In the internal validation cohort, our results (Fig. 2, Table 2.) showed that AutoML manifested the highest diagnostic accuracy with an AUC of 0.820 (95% CI: 0.79–0.85) compared to LR of 0.816 (95% CI, 0.78–0.85), RF of 0.779 (95% CI, 0.74–0.82), and XGBoost of 0.795 (95% CI, 0.76–0.83) when distinguishing clinically significant prostate cancer (csPCa) from benign disease and insignificant PCa. Similarly, in two prospective cohorts, AutoML showed an ideal diagnostic performance. In the Changhai prospective cohort, AutoML had the highest AUC of 0.807 (95% CI: 0.76–0.85) versus LR of 0.793 (95% CI: 0.75–0.83), RF of 0.766 (95% CI: 0.72–0.81) and XGBoost of 0.763 (95% CI: 0.71–0.81). In the Zhongda prospective cohort, AutoML also had the highest AUC of 0.850 (95% CI: 0.80–0.89) versus LR of 0.848 (95% CI: 0.80–0.90), RF 0.844 (95% CI: 0.79–0.90) and XGBoost of 0.817 (95% CI: 0.76–0.87). Based upon the above results, AutoML was used to construct the final model.

Fig. 2
figure 2

The results of the four algorithms for diagnostic model construction were compared in an internal validation cohort and two prospective cohorts, Chinghai and Zhongdu. AUC, area under the curve; AutoML, automated machine learning; LR, logistic regression; RF, random forest

Table 2 AUC results using 4 algorithms, PSA and fPSA/fPSA in the validation cohort

Diagnostic efficacy of the PCAIDS

The PCAIDS had a higher diagnostic efficacy than PSA and fPSA/tPSA, with AUCs of 0.820 (95% CI: 0.79–0.85), 0.616 (95% CI: 0.57–0.66) and 0.675 (95% CI: 0.63–0.71) in distinguishing csPCa, respectively (Fig. 3, Table 2).

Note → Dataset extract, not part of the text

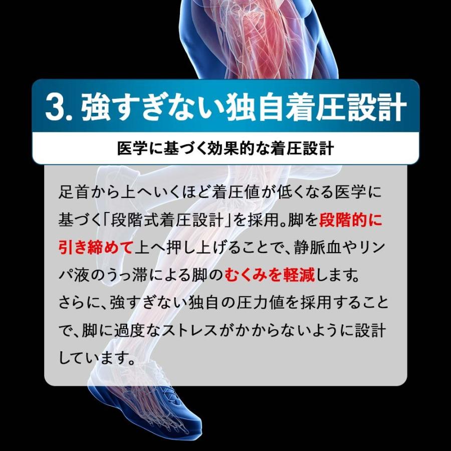 足首から上へいくほど着圧値が低くなる「段階圧力設計」を採用。
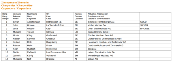 Les deux romands se sont respectivement classés à la 5ème place pour Joseph Laurençon de Vérossaz (VS) en formation chez Christian Voeffreay Charpente SA à Vérossaz (VS) et 9ème place pour Wim Flückiger de la Tour de Peilz (VD) en formation chez Atelier Volet SA à St-Légier (VD) .

In the Changhai prospective cohort and the Zhongda prospective cohort, the PCAIDS was superior to PSA and fPSA/tPSA, with higher AUC values (Fig. 3).

Fig. 3
figure 3

The diagnostic performance AUC of AutoML outperformed PSA, fPSA/tPSA, and SOC in an internal validation cohort and two prospective cohorts, Chinghai and Zhongdu. AUC, area under the curve; AutoML, automated machine learning; PSA, prostate cancer-specific antigen; SOC, standard of care

The clinical benefits of the PCAIDS

We also investigated the net clinical value of the PCAIDS using DCA by comparing PSA and fPSA/PSA over a range of probabilities. In this analysis, the PCAIDS had the highest net benefit in the validation cohort, and the Changhai prospective cohort and Zhongda prospective cohort demonstrated significant clinical utility when compared with PSA and fPSA/PSA (Fig. 4).

Fig. 4
figure 4

DCA for AutoML, PSA, fPSA/tPSA, and SOC in an internal validation cohort and two prospective cohorts, Chinghai and Zhongdu. a DCA shows that AutoML presented the highest net benefit across all threshold probabilities for PCa. The horizontal gray‒green lines parallel to the x-axis represent no patient undergoing a biopsy (Treat None). The red line indicates that all the patients will have PCa (Treat All). b AutoML outperformed PSA, fPSA/tPSA, and SOC in net reduction per 100 patient interventions at all thresholds. DCA, decision curve analysis; AutoML, automated machine learning; PSA, prostate cancer-specific antigen; fPSA/tPSA, free PSA/total PSA; SOC, standard of care

In the validation cohort, the distribution of biopsy results was depicted in a waterfall plot (Fig. 5). The cutoff values were set according to the sensitivity of 90% and 95%. When the cutoff value with 95% sensitivity was applied (23.8%), the PCAIDS indicated a negative predictive value (NPV) of 96.15% and PPV of 35.58%, preventing 32.18% of unnecessary biopsies at risk and missing only 4.88% of cases of csPCa (Table 3).

Fig. 5
figure 5

Waterfall plot of AutoML related to prostate biopsy results in an internal validation cohort and two prospective cohorts, Chinghai and Zhongdu. Each bar represents an individual. Red indicates ISUP grade ≥ two tumors (Gleason score ≥ 7); blue indicates ISUP grade of one tumor (Gleason score < 7). Two black horizontal lines represent the cutoff points of 26.4 at a sensitivity of 90% and 23.8 at a sensitivity of 95%. AutoML, automated machine learning; ISUP, International Society of Urological Pathology

Table 3 Performance of AutoML in the validation cohort, Changhai prospective cohorts, and Zhongda prospective cohorts at 95% sensitivity

In the Changhai prospective cohort, when the cutoff value with 95% sensitivity was applied (21.5%), the PCAIDS showed an NPV of 89.9% and PPV of 45.3%, preventing 17.6% of unnecessary biopsies and missing 4.5% of csPCa cases. In the Zhongda prospective cohort, the PCAIDS showed an NPV of 94.1% and PPV of 48.7% at the cutoff value of 95% sensitivity (24.3%), contributing to the reduction of 26.3% unnecessary biopsies with 4.1% csPCa missed.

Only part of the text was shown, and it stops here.